Bedrosov sat on a makeshift king-size mattress built of two stacks of twins shoved together. Except for a single unoccupied bunk bed against one wall, the rest of the cell was empty, a testament to his influence. The bottom bunk was bricked in with packages of instant ramen, hundreds of them, the vision Monkey Mouth would see if he ever dreamed pleasant dreams.

Bedrosov’s soft, plump hands were folded loosely between his knees. He looked at ease, a man without a care in the world. His voice was soft, that familiar pragmatic purr. “Paytsar Hovsepian?”

Evan said, “You know my name.”

“You broke Casper’s arm,” Bedrosov said.

“Why do you care?”

“There’s an order. When that order is disrupted, business is disrupted.”

And to you, Evan thought, there’s nothing worse than business getting disrupted.

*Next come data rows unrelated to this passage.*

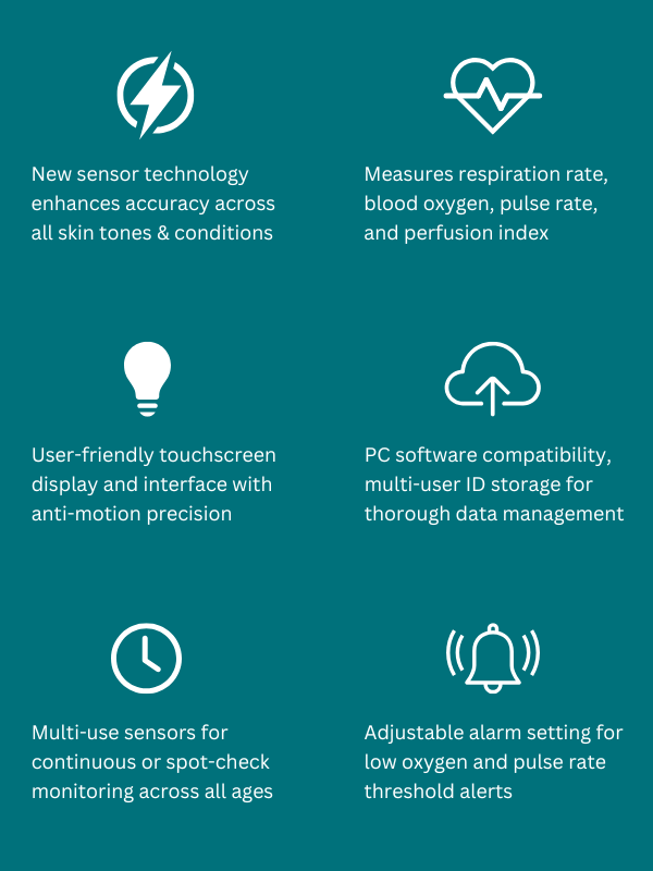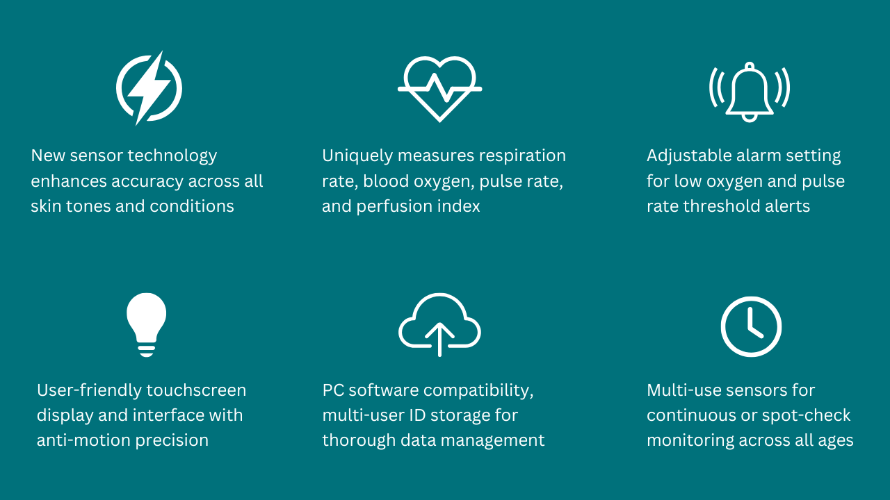The CH-100 pulse oximeter includes a new charging base and a large touchscreen interface, which provides adjustable audio and visual alarms for low oxygen and pulse rate alerts. With the use of new sensor technology, the CH-100 oximeter delivers enhanced reliability and accuracy across all age groups and skin tones.
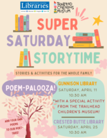 Join us at the Gunnison Library at 10:30 am on Saturday, April 11 for Super Saturday Storytime. April’s theme is Poem Palooza! Stories and activity for the whole family. With a special activity from the Trailhead Children’s Museum. Free & open to the public. Click here for the event website |
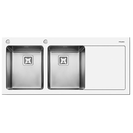 Double Bowl Stainless Steeltempered White Glass Panel Kitchen Sink
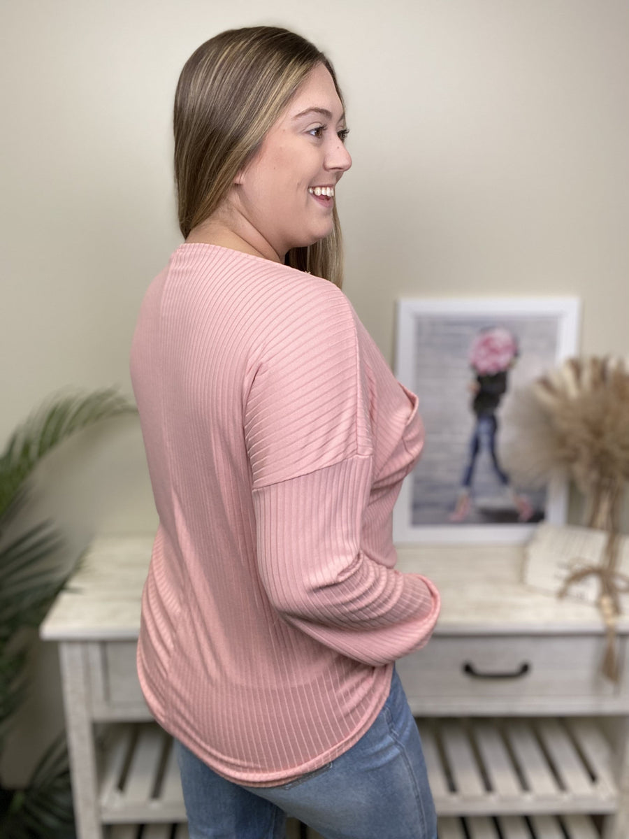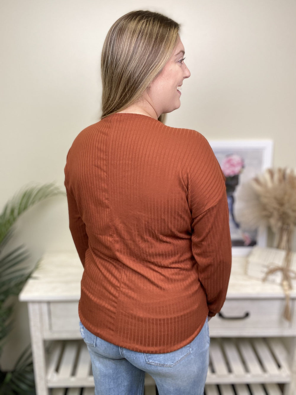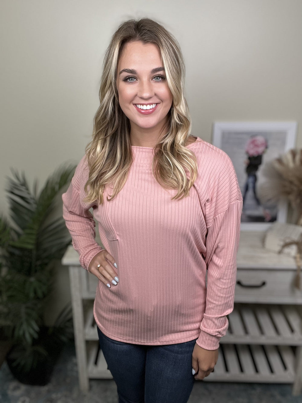 The Dreaming Bigger Top by White Birch is a long sleeve knit top featuring a rounded neckline, a front chest pocket, a rounded hi-lo hemline, and a soft, stretchy, ribbed self. The Dreaming Bigger Top goes great with leggings and denim.

Bedrosov’s face smeared into a mocha streak atop a shirt. Evan blinked several times hard, and it reassembled itself.

“I didn’t mean to mess with your gang,” Evan said.

“Oh, I’m not one of these animals,” Bedrosov said.

If Teardrop or the lieutenants were insulted, they gave no sign of it.

“I don’t belong here,” Bedrosov continued. “I’m only a part of this temporarily. But while I’m here, I like to ensure that things go as smoothly as possible for me.”

“If Casper hadn’t attacked me,” Evan said, “things would still be going smoothly for him.”

Bedrosov tilted his head back and examined Evan. He was an extremely still man, so every move seemed freighted with significance. “If that’s the case, if Casper attacked you, I will let it slide. Be sure not to initiate any violence on your own during your stay.”

Evan nodded, but Bedrosov remained motionless, the picture of control. His eyes were unblinking, reptilian. Evan had read once that there were more psychopaths in business than in any other field. The man before him seemed a perfect case study.

Evan started to back out.

“You seem vaguely familiar,” Bedrosov said. “Have I seen you somewhere?”

A tingle of heat moved through Evan, dampening his undershirt with sweat, the electronic wristband sticking to his skin. “Not unless you service your car at the AutoZone at Washington and Hoover.”

Bedrosov said nothing. He just stared.

Evan lowered his gaze as if intimidated and backed the rest of the way out.